The scathing look he gave her did far more than infer that she was a liar. “Show me where we are going.”
Igrainia did so, leading the way down the stairs and to the master's chamber. She was almost embarrassed by the richness of it as they entered, certain that the quality within was but something else that he would hold against her, Afton, and the household where his people had been brought. Langley Castle had first been built when the Conqueror had come north, and in those days, it had been stern rock and wall, loaded with weaponry, and manned to keep King William's borders against the wild tribal clansmen of Scotland safe. The Conqueror had spent his life proving his position against the Saxons of England as well, and therefore needed strongholds rather than royal residences. But over time, and in the days of King David I of Scotland, borders had changed, and intermittently, during the years, there had been times of friendship between the two countries. During the reign of Alexander, the castle had been given to the first Langley, and each succeeding lord had married well, until here, in the master's chamber, the walls were hung with the richest tapestries. Arabian rugs had been brought back from the Crusades to warm the floors, and a magnificently carved bed had been brought from France. Flemish lacework edged the sheets; pillows were made of softest down; and sleek furs scattered over the bed that stood before the great hearth. The room was furnished with trunks and a wardrobe from France, marble-covered tables from Italy, and great shields upon the wall crossed with swords from Spain, Germany and the finest arms manufacturers in England.

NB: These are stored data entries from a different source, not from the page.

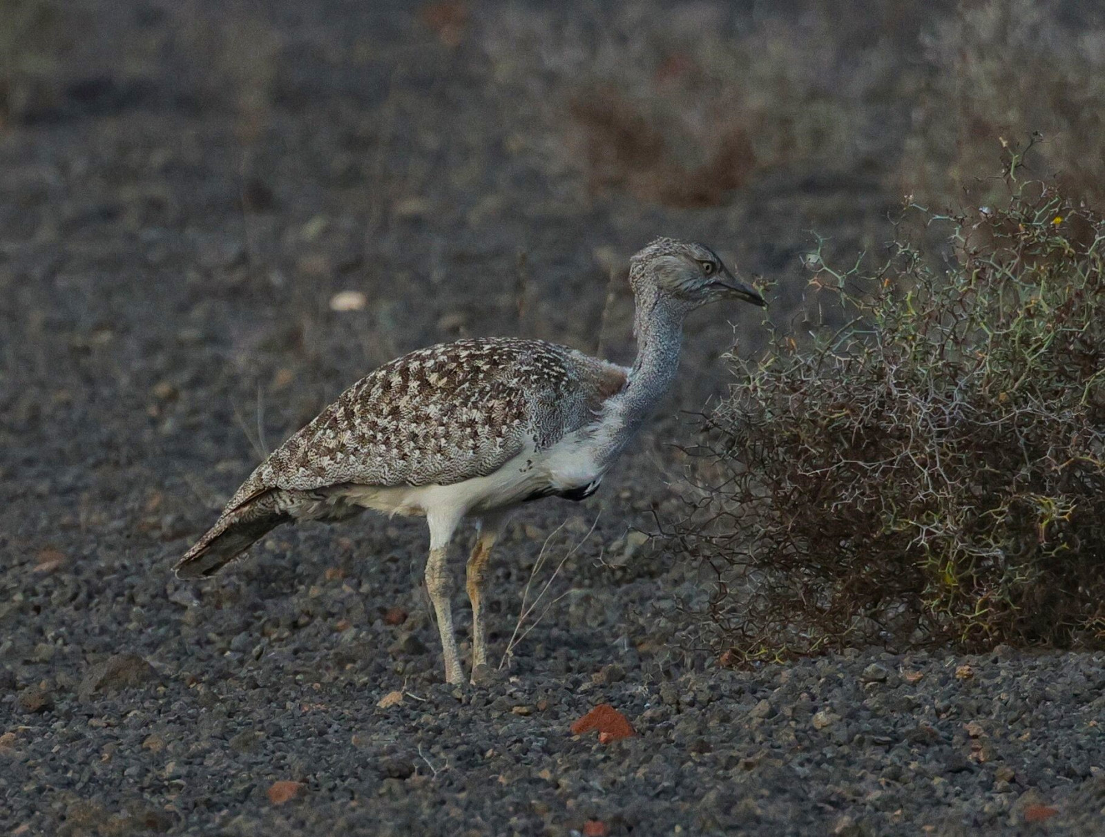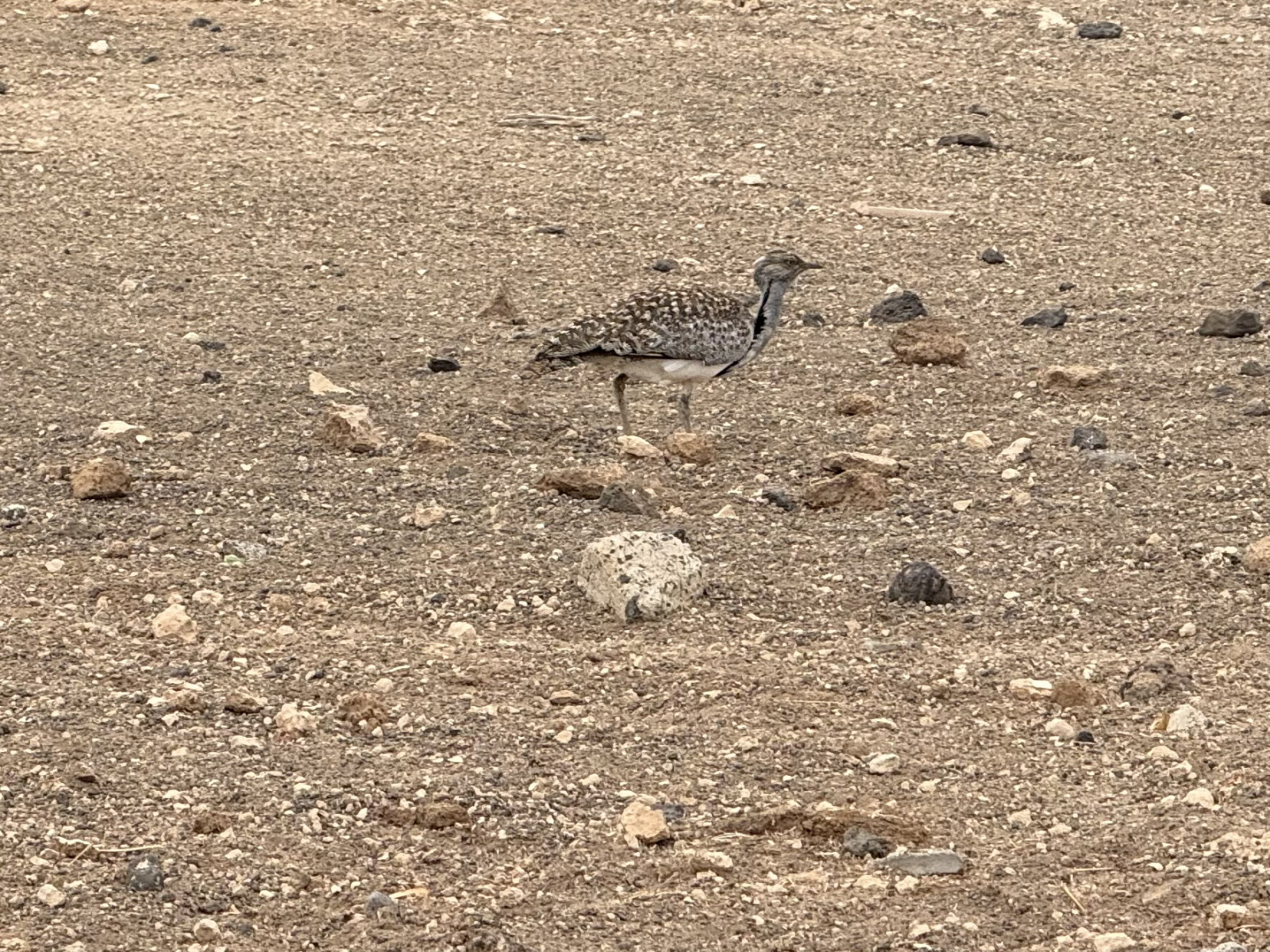 Montaña Tinamala is located in the northeast of the island of Lanzarote. The land south of Montaña Tinamala is very dry. Exactly the barren habitat that the Avutarda hubara africana requires. Our holiday apartment was just around the corner in Los Cocoteros. When we explored the area by car we made some great observations. We saw Avutarda hubara africana very well (see pictures), but also Perdiz Moruna and other birds. Really worth a visit.
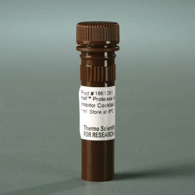 This broad-spectrum Halt Protease and Phosphatase Inhibitor Cocktail is specifically optimized to protect proteins from degradation during extraction and purification. The cocktail contains inhibitors against the major classes of proteases and phosphatases, targeting aminopeptidases, cysteine and serine proteases and serine/threonine and protein tyrosine phosphatases. To promote the inhibition of metalloproteases, 0.5M EDTA is provided in a separate tube. The 100X cocktails, available in regular and EDTA-free formulations and several package formats, are refrigerator-stable liquids that are very easy to use for nearly any sample or experimental scale.
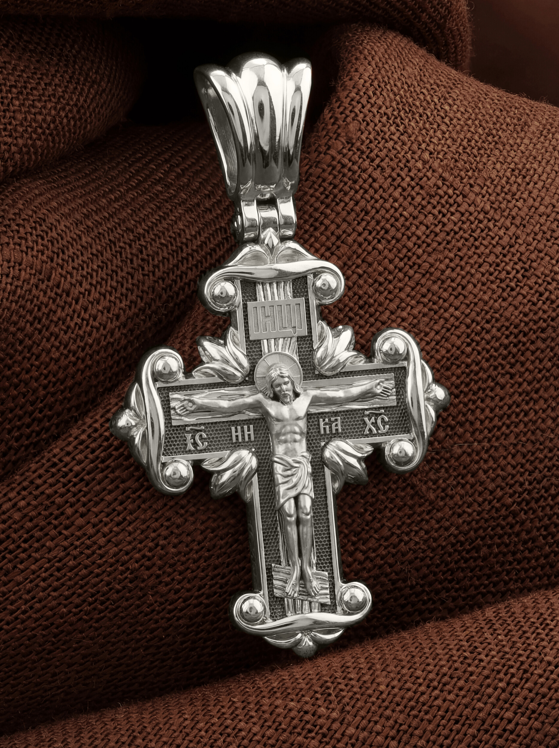 На лицевой стороне креста изображено Распятие Господа и Спасителя нашего Иисуса Христа, отдавшего Себя на смерть, для искупления грехов мира. Крест является символом жертвенной любви Всеблагого Бога к падшим людям, всепобеждающим духовным оружием христиан, основанием и средоточием церковной жизни. Господь сказал: кто хочет идти за Мною, отвергнись себя, и возьми крест свой, и следуй за Мною. (Мк. 8: 34). На верхней табличке, выше головы Иисуса, расположена надпись, составленная Понтием Пилатом — «IНЦI». Она означает «Иисус Назорей, Царь Иудейский». Надпись «IC» «ХC», означает Иисус Христос, помещается на разных сторонах поперечной перекладины креста. Рядом — слово «НИКА», что означает «победитель». На православном кресте Христос не умирает, а свободно простирает руки, ладони Иисуса открыты, будто он хочет обнять все человечество, даря им свою любовь и открывая путь к вечной жизни.
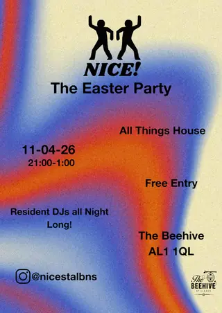 Nice! at The Beehive: The Easter Party takes place at TBA - The Beehive St Albans AL1 1QL in London, United Kingdom on April 11, 2026. Featuring Mack Gibson. House sounds all night.
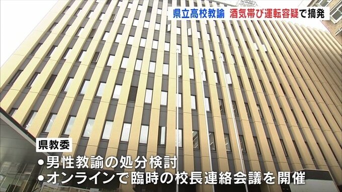 県教委は処分を検討するとともにきょう26日、オンラインで臨時の校長連絡会議を開き、服務規律の徹底を求め指導するとしています。
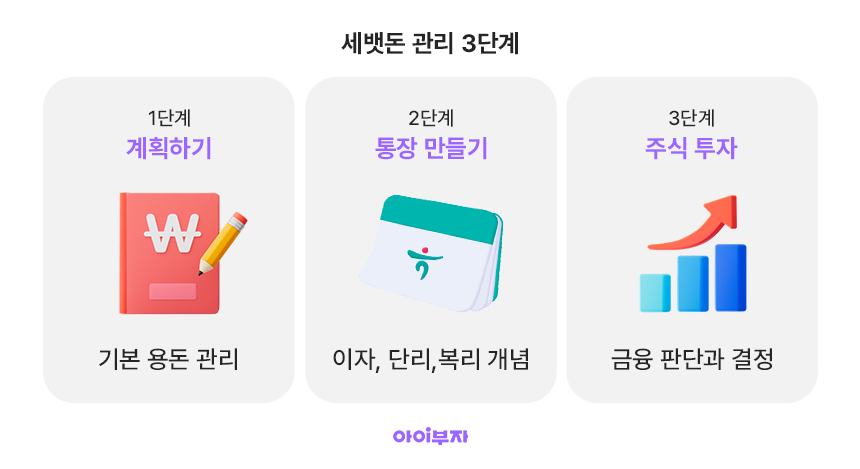 어디에 돈을 모으고, 어떻게 예산을 짜고 점검해야 하는지 등 용돈을 잘 관리할 수 있는 방법과 과정을 알려주면 좋아요.
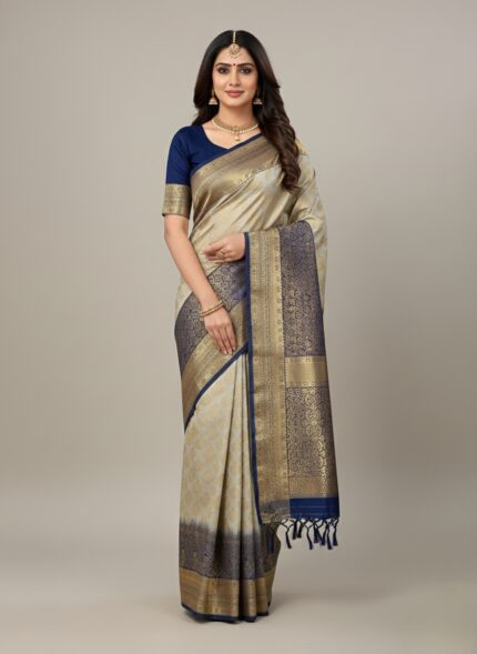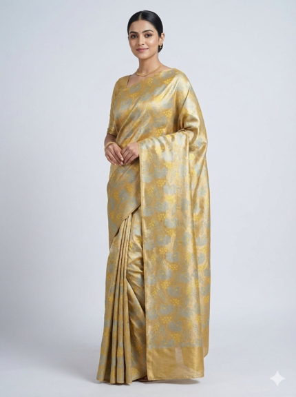 Soft Gold Silk Saree with Subtle Floral Weaves
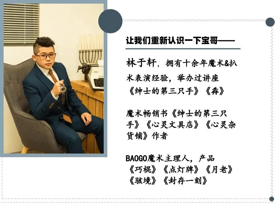 各大魔术大会都可以看到他的身影,在大会交流当中他每一次出招都会成为爱好者当中的焦点,但是他的讲座,工作坊,甚至个人魔术秀却是第一次了!
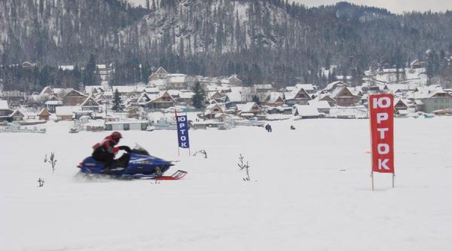 Первый день соревнований. Snow racing — парные гонки по льду Телецкого озера.
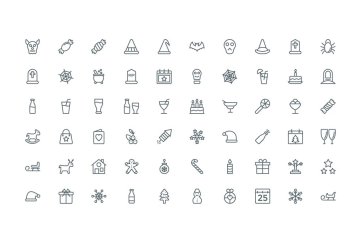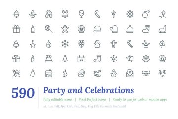 图穷联素材库 » 派对和庆祝活动线条图标 Party and Celebrations
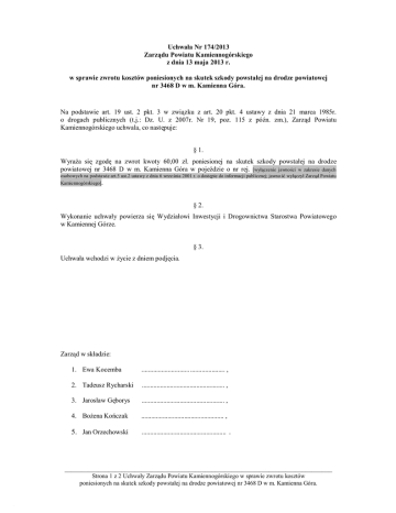 Uchwała Nr 174/2013 Zarządu Powiatu Kamiennogórskiego z dnia 13 maja 2013 r. w sprawie zwrotu kosztów poniesionych na skutek szkody powstałej na drodze powiatowej nr 3468 D w m. Kamienna Góra. Na podstawie art. 19 ust. 2 pkt. 3 w związku z art. 20 pkt. 4 ustawy z dnia 21 marca 1985r. o drogach publicznych (t.j.: Dz. U. z 2007r. Nr 19, poz. 115 z późn. zm.), Zarząd Powiatu Kamiennogórskiego uchwala, co następuje: § 1. Wyraża się zgodę na zwrot kwoty 60,00 zł. poniesionej na skutek szkody powstałej na drodze powiatowej nr 3468 D w m. Kamienna Góra w pojeździe o nr rej. [wyłączenie jawności w zakresie danych osobowych na podstawie art.5 ust.2 ustawy z dnia 6 wrze śnia 2001 r. o dostępie do informacji publicznej; jawno ść wyłączył Zarząd Powiatu Kamiennogórskiego]. § 2. Wykonanie uchwały powierza się Wydziałowi Inwestycji i Drogownictwa Starostwa Powiatowego w Kamiennej Górze. § 3. Uchwała wchodzi w życie z dniem podjęcia. Zarząd w składzie: 1. Ewa Kocemba ............................. ..................... , 2. Tadeusz Rycharski .................................................. , 3. Jarosław Gęborys .................................................. , 4. Bożena Kończak .................................................. , 5. Jan Orzechowski ................................................... . ________________________________________________________________________________ Strona 1 z 2 Uchwały Zarządu Powiatu Kamiennogórskiego w sprawie zwrotu kosztów poniesionych na skutek szkody powstałej na drodze powiatowej nr 3468 D w m. Kamienna Góra. UZASADNIENIE do Uchwały Nr 174/2013 Zarządu Powiatu Kamiennogórskiego z dnia 13 maja 2013r. w sprawie zwrotu kosztów poniesionych na skutek szkody powstałej na drodze powiatowej nr 3468 D w m. Kamienna Góra. W dniu 20.03.2013 r. Pan [wyłączenie jawności w zakresie danych osobowych na podstawie art.5 ust.2 ustawy z dnia 6 września 2001 r. o dostępie do informacji publicznej; jawno ść wyłączył Zarząd Powiatu Kamiennogórskiego] zgłosił uszkodzenie pojazdu na drodze powiatowej 3468 D ul. Krzeszowska w m. Kamienna Góra, polegające na awarii poduszki amortyzatora tylnego koła w pojeździe o nr rej [wyłączenie jawności w zakresie danych osobowych na podstawie art.5 ust.2 ustawy z dnia 6 września 2001 r. o dostępie do informacji publicznej; jawno ść wyłączył Zarząd Powiatu Kamiennogórskiego]. Poszkodowany wniósł o zwrot 120,00 zł wynikających z zakupu oraz wymiany części. Wnioskowana kwota jest niższa od franszyzy integralnej (wynoszącej 300,00 zł), zatem szkody poniżej tej wartości winny być pokrywane bezpośrednio z budżetu powiatu kamiennogórskiego. W związku z tym iż poszkodowany udokumentował jedynie wydatek w wysokości 60,00 zł poniesiony na zakup poduszki silnika (kserokopia paragonu fiskalnego z dnia 21.03.2013 r.) wnioskuje się o wypłatę rzeczonej kwoty. ________________________________________________________________________________ Strona 2 z 2 Uchwały Zarządu Powiatu Kamiennogórskiego w sprawie zwrotu kosztów poniesionych na skutek szkody powstałej na drodze powiatowej nr 3468 D w m. Kamienna Góra.
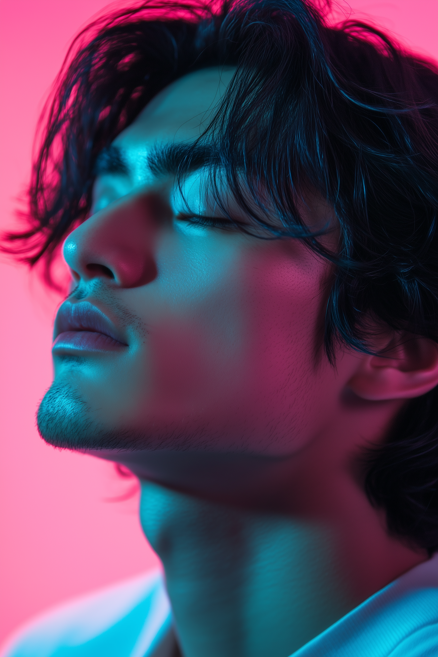 Close-up of a serene young man with dramatic pink and blue lighting, highlighting his features against a vibrant background.

He didn't notice the furnishings, only that the bed was vast and comfortable, a good place to lay his lady. When she was down, and he had smoothed the damp blond tendrils from her face, he stood back. “You will save her.”
“I will do all that I can.”
“You have killed my child.”
Ice seemed to race along her spine. He spoke the words without malice or anger, merely as if they were a simple truth. “God, sir, has taken your child.” She wanted to add that she was sorry, so very sorry, because his agony was such a terrible thing, almost palpable on the air.
But she dared not. He stared at her with red-rimmed eyes of loathing.
“You will keep Him from taking my wife,” he said bitterly.
She thought he would leave the room, but he did not. He brought one of the heavy wooden chairs from the window to the bed and sat there, taking his wife's ashen hand in his own, and looking upon her face.